When was the last time you experienced a performance review? I receive them every time I speak. I might receive 50 positive comments sprinkled nicely with insights, a-ha moments, and compliments. Sometimes there’s that one disgruntled person who has critical remarks and put-downs. Guess which comment I am ruminating on hours later? Yeah, you got it. The negative one.
That’s called negativity bias.
Negativity bias is the universal tendency for bad events or emotions to affect us much more strongly than positive ones.
This cognitive bias is not a personality quirk or isolated tendency. It’s as if there’s an alarm bell in the brain. The amygdala (you’ve got two of these little almond-shaped regions, one on either side of your head) — uses many of its neurons to look for bad news: it’s primed to activate the fight or flight response. Once it sounds the alarm, negative events and experiences get quickly stored in memory — in contrast to positive events and experiences, which are not prioritized in the same way. The negativity bias of the brain is like Velcro for negative experiences but Teflon for positive ones.
We have a brain that routinely tricks us into making three mistakes: overestimating threats, underestimating opportunities, and underestimating resources. This is an effective way to sustain life, but a lousy way to promote quality of life.
Positive psychology has gained significant attention in recent years, and it’s no wonder why. The science of happiness, which was formally launched in colleges and universities across the nation in the 1990s, has grown along with the concept of neuroplasticity. Shawn Achor, a thought leader in the field writes “We can retrain the brain to scan for the good things in life — to help us see more possibility, to feel more energy, and to succeed at higher levels.” And neuroscientist Sarah McKay states, “The best way to shift your bias is to practice experiencing positive emotions. If you savor positivity, you’ll be practiced at experiencing positive emotions in the future.”
How to Shift Your Bias
Let’s start with four intentional ways to boost positivity in our lives.

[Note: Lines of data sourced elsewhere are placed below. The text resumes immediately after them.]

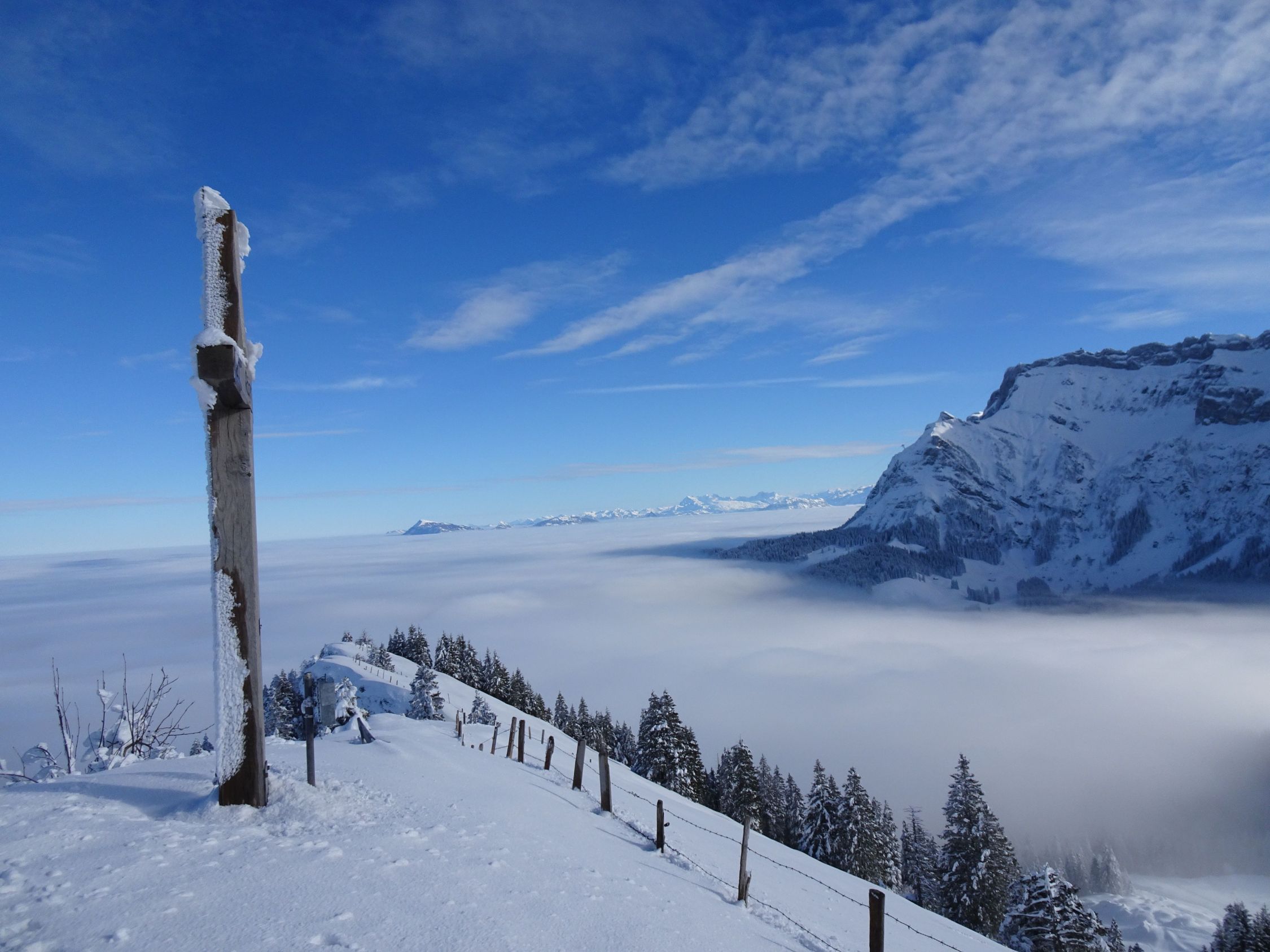 Start bei -7 Grad. Genug Schnee (Pulver) von unten bis oben. Der Schnee ist durch Windeinfluss nicht überall gleich tief, was aber nicht störte. Hochnebelschicht zwischen ca. 1200 und Alp Gumm. Breiter Schneeschuhpfad bis Gipfel. Rechtzeitig abfahren ist ratsam, da der Gipfelhang ab Mittag der $onne ausgesetzt ist.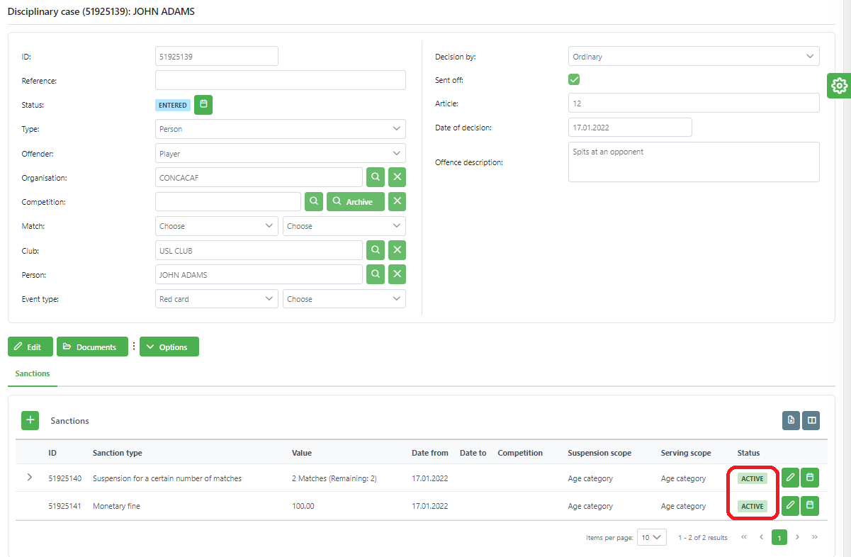 After you click โthe ๐พ Save button, the selected sanctions are stored in the system and become visible on the list of sanctions for a specific disciplinary case (in status ENTERED). A sanctioned status is set to ACTIVE.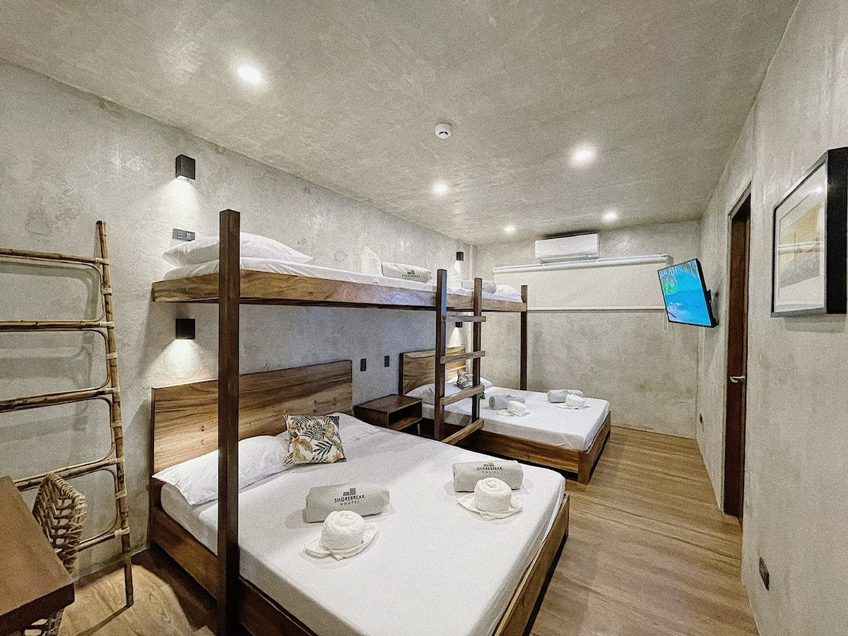 Perfecta para familias o grupos, nuestra habitación familiar ofrece espacio, comodidad y un diseño único con capacidad para 6 personas. Diseñada cuidadosamente con una litera hecha a medida, la habitación incluye dos camas tamaño queen y dos camas individuales, ideales tanto para adultos como para niños. Esta habitación tiene persianas enrollables, lámparas de noche, un escritorio con lámpara y una escalera para toallas. Viene con sábanas frescas, mantas, toallas esponjosas y un baño privado con ducha fría y caliente, bidé, agua filtrada y artículos de tocador de cortesía.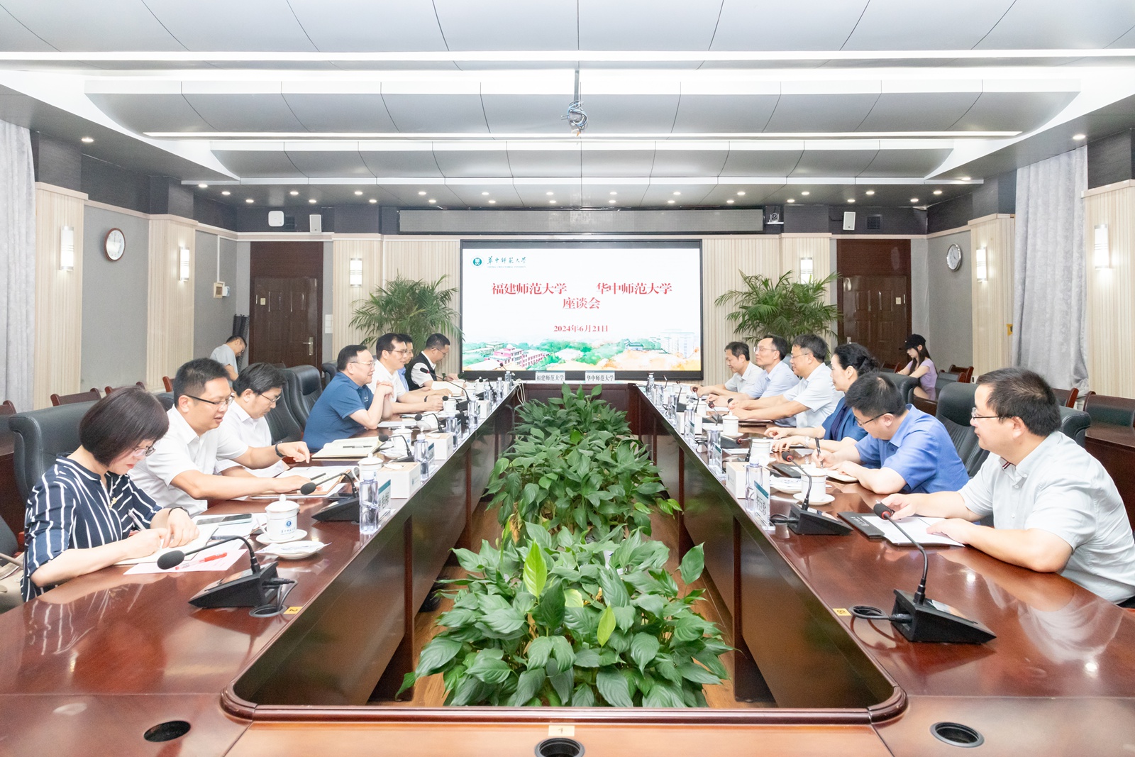 夏立新、潘玉腾分别代表两校致辞。夏立新对潘玉腾一行的来访表示热烈欢迎,对拼搏(中国)厚重的人文底蕴和近年的发展成就表示赞赏,并充分肯定了拼搏(中国)挂职干部的工作情况。他指出,两校往来频繁、联系密切,有着深厚的校际情谊和良好的合作基础,在人才培养、学科建设、教师教育、科学研究等方面具有广泛的合作空间。期待双方以此次签约为契机,充分发挥各自优势特色,进一步推进和提升全面战略合作伙伴关系、汇聚双方资源,在学科共建、人才共育、学术共研等方面进一步加强交流、深化合作,共同助力教育强国建设。潘玉腾对华中师范大学近年的高质量发展给予了高度评价,向华中师范大学对拼搏(中国)办学和发展给予的指导、支持和帮助表示感谢,对刘三女牙同志在拼搏(中国)挂职担任副校长期间的工作给予充分肯定。他指出,两校同属师范院校,具有厚实的交流基础和广阔的合作前景。期望双方秉承“资源共享、优势互补、协同创新、共同发展”的愿景,按照“合作有基础、优势能发挥、对接有项目、运行有成效”的原则,构建合作平台,拓展合作空间,深化合作内容,更好推动双方“双一流”建设和各项事业高质量、内涵式发展。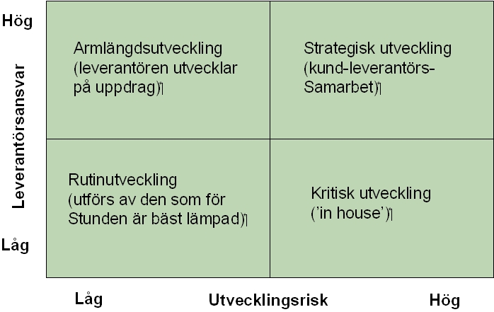 Man bör också fråga sig i vilka situationer man bör involvera leverantörerna i utvecklinsarbetet. Holländarna Finn Wynstra och Ten Pierick har tagit fram en enkel analysmodell, som är en klassisk kvadrantanalys. De ställer parametrarna leverantörsansvar och utvecklingsrisk mot varandra på följande sätt: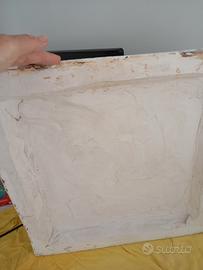 Grande meridiana vintage in polvere di gesso e cemento. Lato 46x47. Prof cm 6. Ha 2 ganci molto robusti per appenderla. Ritiro a Lavinio. € 45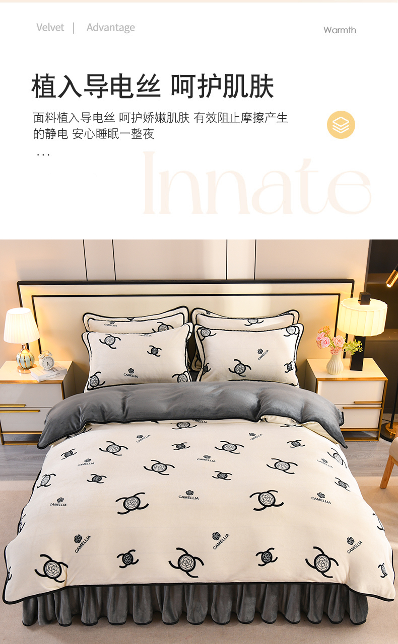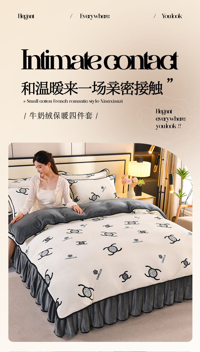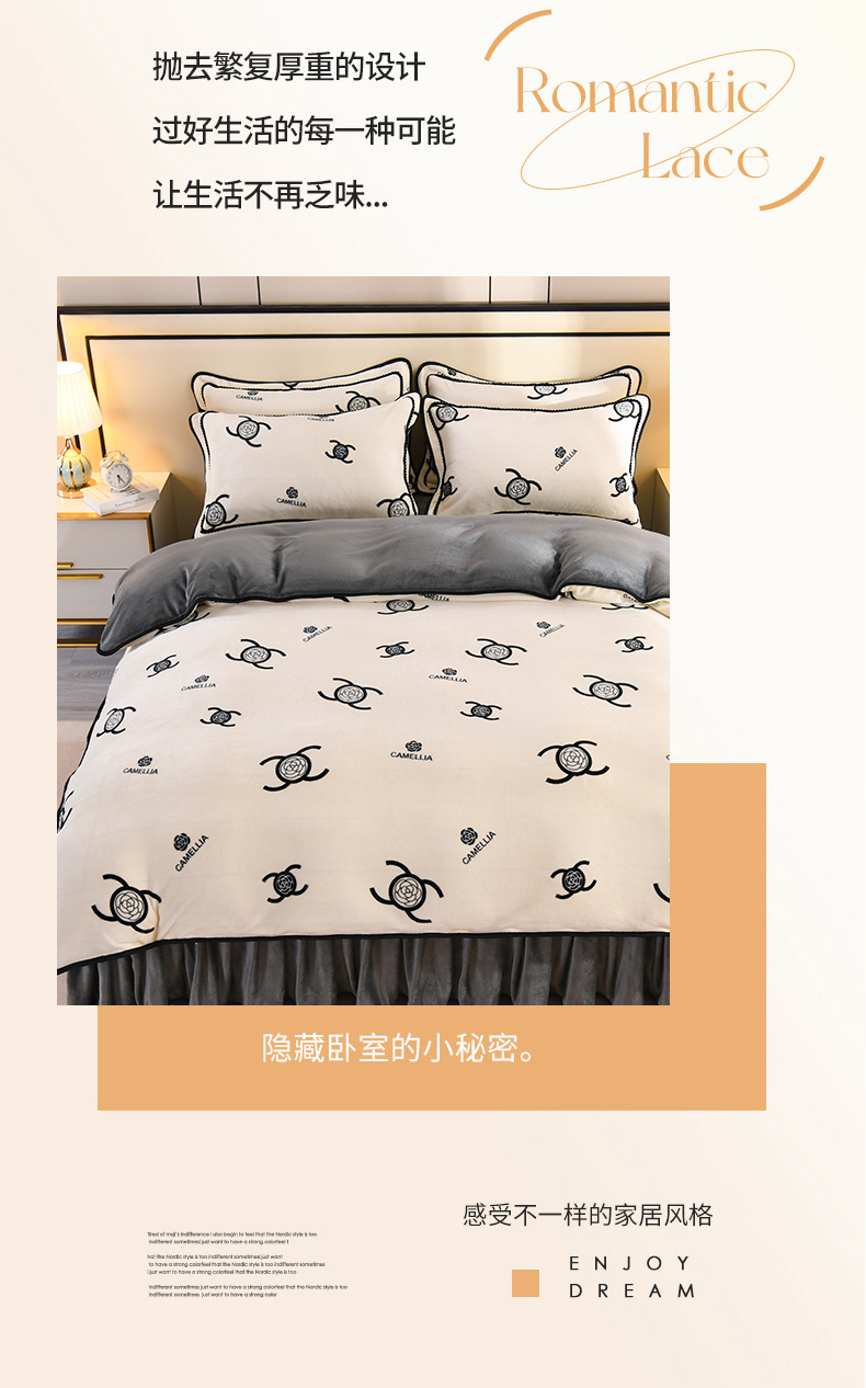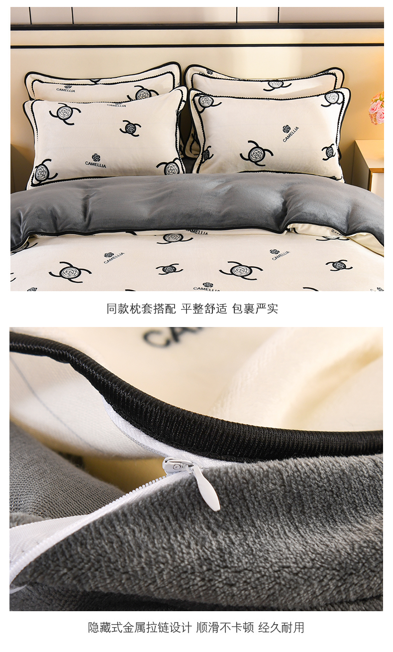 商品名称:2025新款高克重8斤金貂绒牛奶绒四件套 山茶花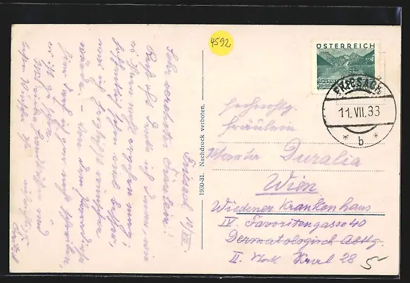 gelaufen 1933, rückseitig Klebe- und Papierreste, guter Zustand

1. The Power of Kindness: Engaging in pro-social activities like charity, volunteering, or writing thank-you notes can significantly enhance your positivity.
2. Laughter as Medicine: Laughter is indeed the best medicine. It raises positive hormones, boosts the immune system, and spreads joy to others.
3. Speak Life: Good words carry enormous power. Words can help, heal, encourage and move us to a greater level of living.
4. Manage Your News Intake: While staying informed is essential, be mindful of the negativity bias in the news. Consciously limit exposure to negative news and be cautious about the extent to which you share disturbing news with others.
It takes an intentional choice to overcome the corrosive effects of negativity bias.
When you pursue happiness, you aren’t denying the pain that’s in the world. You are refusing to let it get the best of you.